1 kalimat dari sang ibu saat kakinya baru saja melangkah masuk ke dalam rumah, bukan dari
notifikasi pesan kak sagara, tapi efek kagetnya sama bagi kirana.
Mata kirana tak bisa berpindah dari layar ponsel yang menampilkan ruang percakapan
antaranya dengan kak sagara.

Kak sagara OSIS


nanti saya pulang ikut ya, kalo ga salah udah bilang ke ibu kamu juga

satu kalimat pertama yang ada di ruang percakapan mereka, membuatnya menimbang-
nimbang dengan keputusan akhir yang entah sopan atau tidak, tapi kini jarinya sudah mulai
mengetikkan pesan singkat pada sagara.

kak maaf, udah rapih belum ya?

Tepat pesannya terkirim, pintu mobil bagian depan sebelah kiri terbuka, menghadirkan laki-
laki yang terlihat menawan dengan seragamnya, “maaf ya lama, tadi ada barang saya
ketinggalan diatas,” ucapnya saat benar-benar baru masuk mobil, membuat mata kirana, kali
ini, beralih dari ponselnya dan disambut oleh tatapan sagara yang tentu saja pertemuan antara
2 netra anak manusia itu tidak disengaja.

Membalas ucapan sagara?

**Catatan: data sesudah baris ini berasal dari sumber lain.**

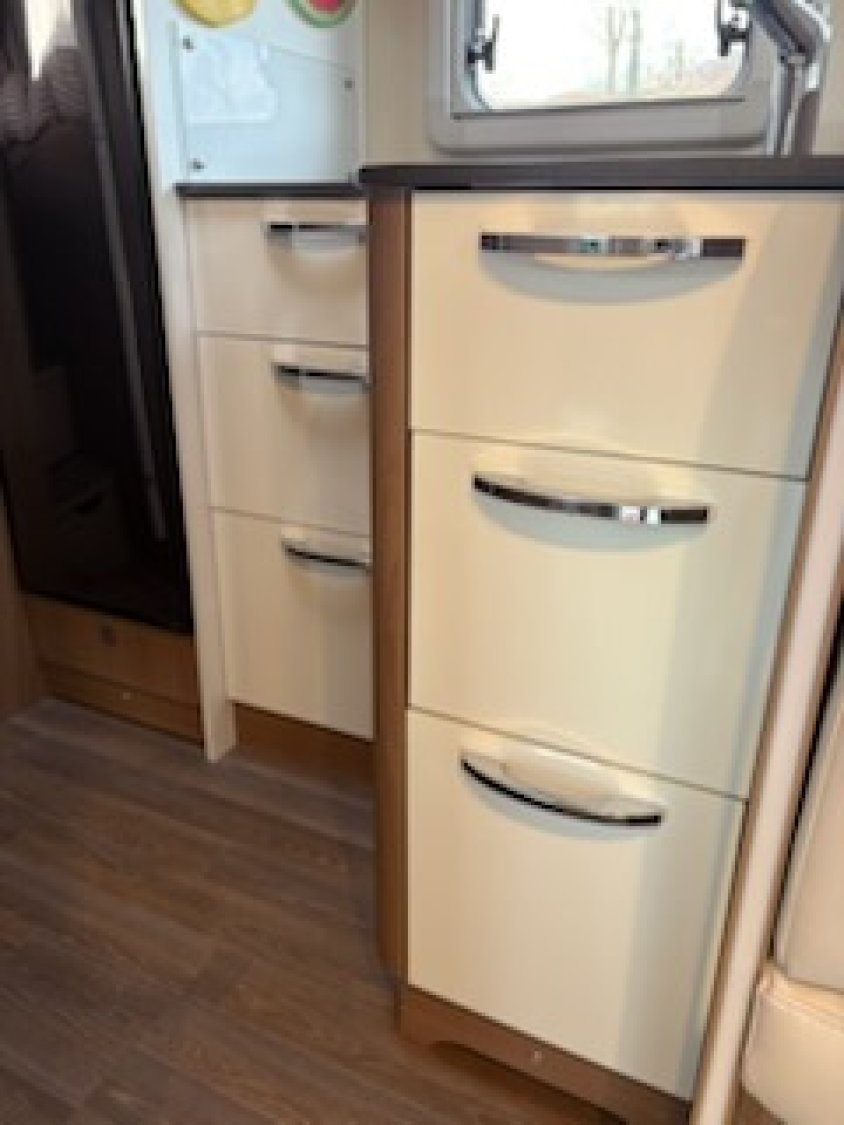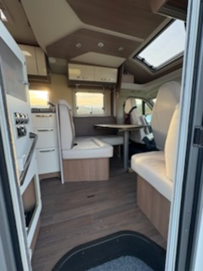 Très bien agencé, gaz 3 feux mais en ligne , alarme ultra son 1500€, pneus Michelin Cross Climate ( 4saisons ) 1000€ , routeur , soute aménagée , étagères sur la partie droite installées ce qui laisse la soute entièrement libre pour 2 VTTAE , douche Vario , mais très grande , on se sèche dedans !révision complète faite chez Citroen ! étanchéité a jour !
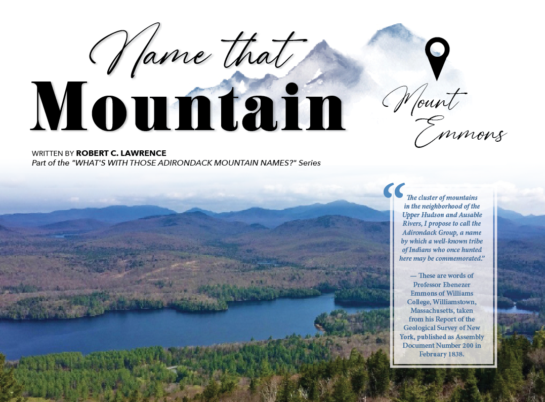 Mount Emmons, originally South Seward Mountain and one of New York's forty-six highest peaks, is in Harrietstown, Franklin County. It is a fitting tribute to one of the most prominent geologists in New York and America in the nineteenth century.
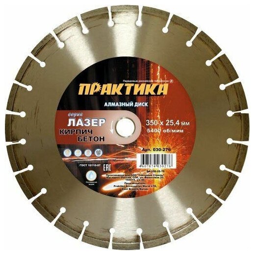 Диск алмазный турбосегментный Эксперт-Бетон (350х25.4 мм; сегмент 10 мм) ПРАКТИКА 030-276 информация:
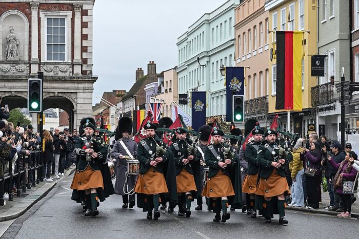 Britische und deutsche Flaggen entlang der Straße, Mitglieder der Pipes No. 12 Company Irish Guards spielen im Rahmen der Wachablösung vor dem Windsor Castle in Windsor am 27. November 2025: Vorarbeiten vor dem Staatsbesuch des deutschen Bundespräsidenten Frank-Walter Steinmeier im Dezember. Foto: Justin Tallis/AFP via Getty Images
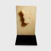 carved alabaster, of trapezoidal form, carved in high relief with a central head of a bull with incised features, raised on a bespoke mount
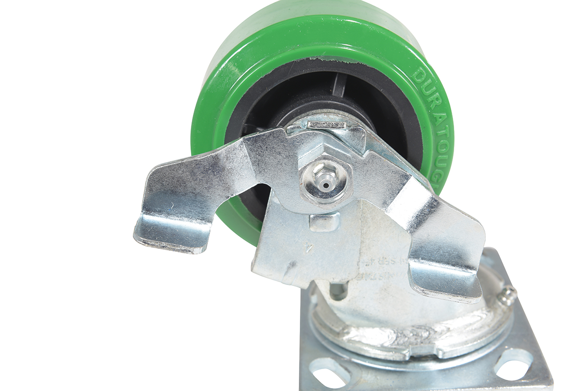 Made with 100% pure polyurethane tread. This caster is a great upgrade for standard polyurethane. Designed using a new liquid cast flow fusion that ensures a 100% mechanical bond to core and "zero" trapped air. It has a high resistance to debris and most chemicals. The proprietary tread provides good floor preservation, and has a longer life performance than standard polyurethanes. Green tread color. 90-95 shore a. Wheel center is constructed of polyolefin.
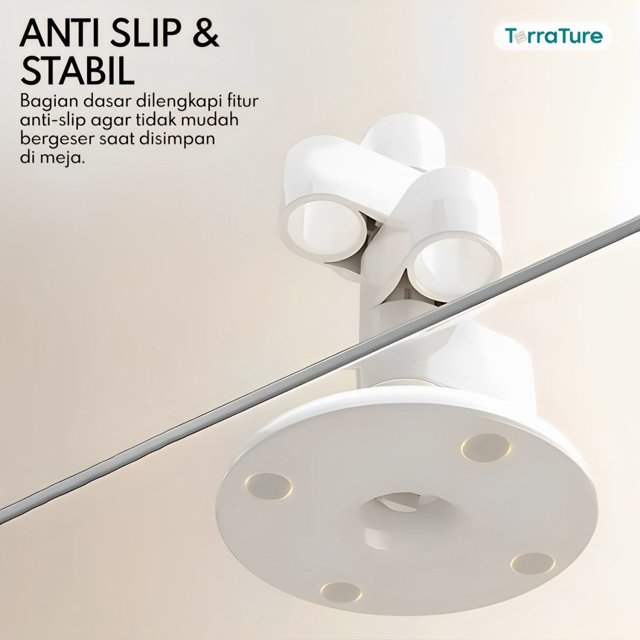 Bagian dasar dilengkapi fitur anti-slip agar tidak mudah bergeser saat disimpan dimeja
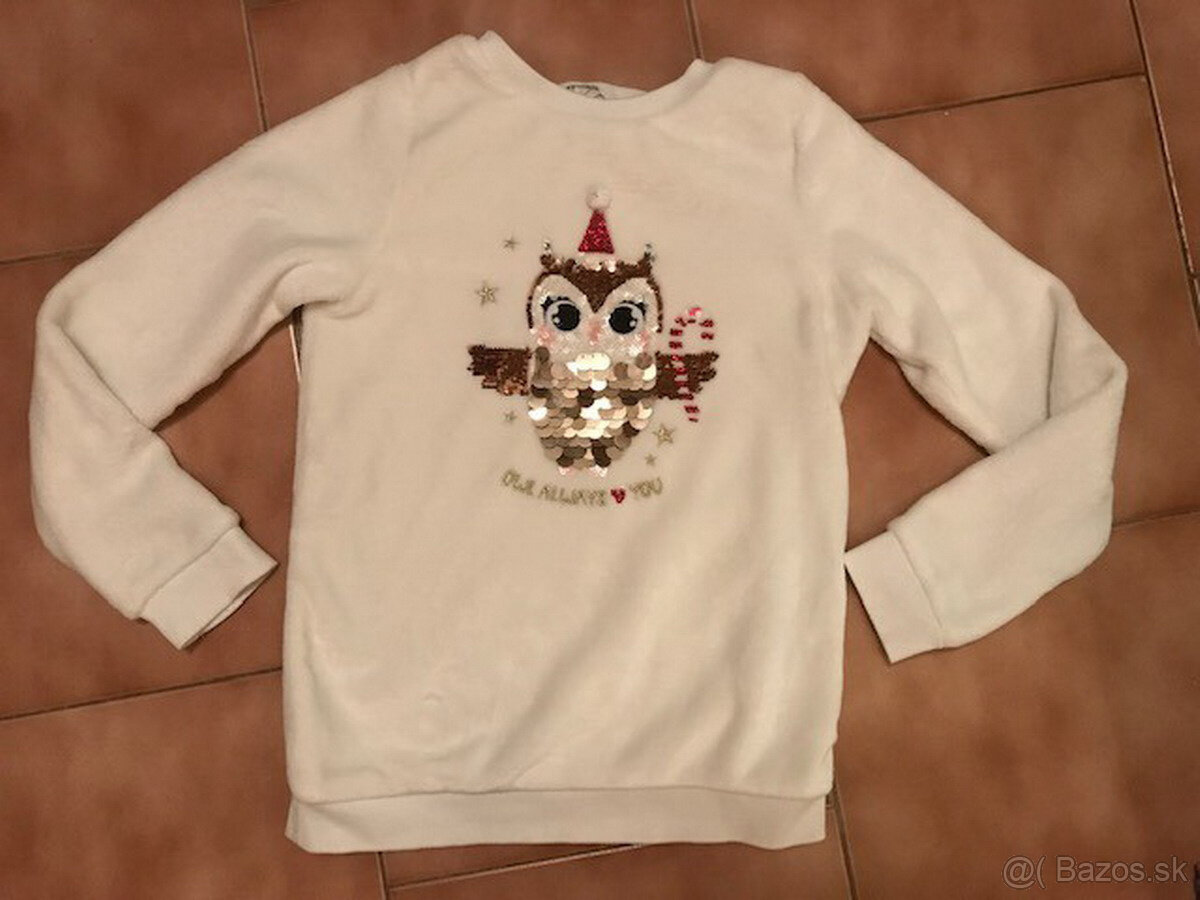 Teplá mikina (pulóver) v bielej farbe so sovičkou s flitrov pre dievča, značka H&M, veľkosť 134/140, materiál: 100% polyester

Tentu tidak, kirana hanya mengangguk, kemudian memalingkan
pandangan.

Perjalanan ditemani oleh hening, hanya suara klakson mobil atau deru motor lewat yang
mengisi, radio pagi ini sama saja seperti kemarin sore, dimatikan. Pak supirnya itu memang
entah kenapa, bertahun-tahun kirana kenal, jarang sekali menyalakan radio saat sedang
menyetir.

Ya.. hening saja begitu. Sepi.

Pagi itu tidak ada kejadian istimewa yang menyambut awal hari kirana, juga sagara, kakak
kelasnya itu hanya diam, tak mengeluarkan satu dua patah kata lagi usai bilang maaf tadi,
kecuali satu hal yang kirana tidak sadari sampai tiba di sekolah dan sudah masuk ke kelasnya.
Sagara tau, kirana memalingkan pandangannya tepat saat netra mereka bertemu.
mungkin gadis itu salah tingkah, mungkin. Kalau tidak, berarti hanya sagara yang begitu.
Maaf tadi kamu jadi nunggu

Satu kalimat singkat yang Sagara kirimkan pada Kirana, tepat saat gadis itu keluar dari mobil,
disertai netra Sagara yang mengikuti langkahnya beserta perasaan aneh yang sama sekali
tidak ia mengerti.
Usai jam mata pelajaran terkahir kirana buru-buru bergegas menuju parkiran, masuk ke mobil
yang ternayata sudah ada sagara disana, seperti biasa duduk di samping pengemudi, sembari
membaca novel dengan serius tanpa terganggu fokusnya walaupun tadi kirana menutup pintu
tidak sengaja sedikit agak kencang.

Mobil mulai melaju keluar wilayah sekolah, gerimis mulai membasahi ibu kota, padahal
kirana kira tadi langit cerah itu akan bertahan sampai malam, ternyata runtuh juga tangisnya.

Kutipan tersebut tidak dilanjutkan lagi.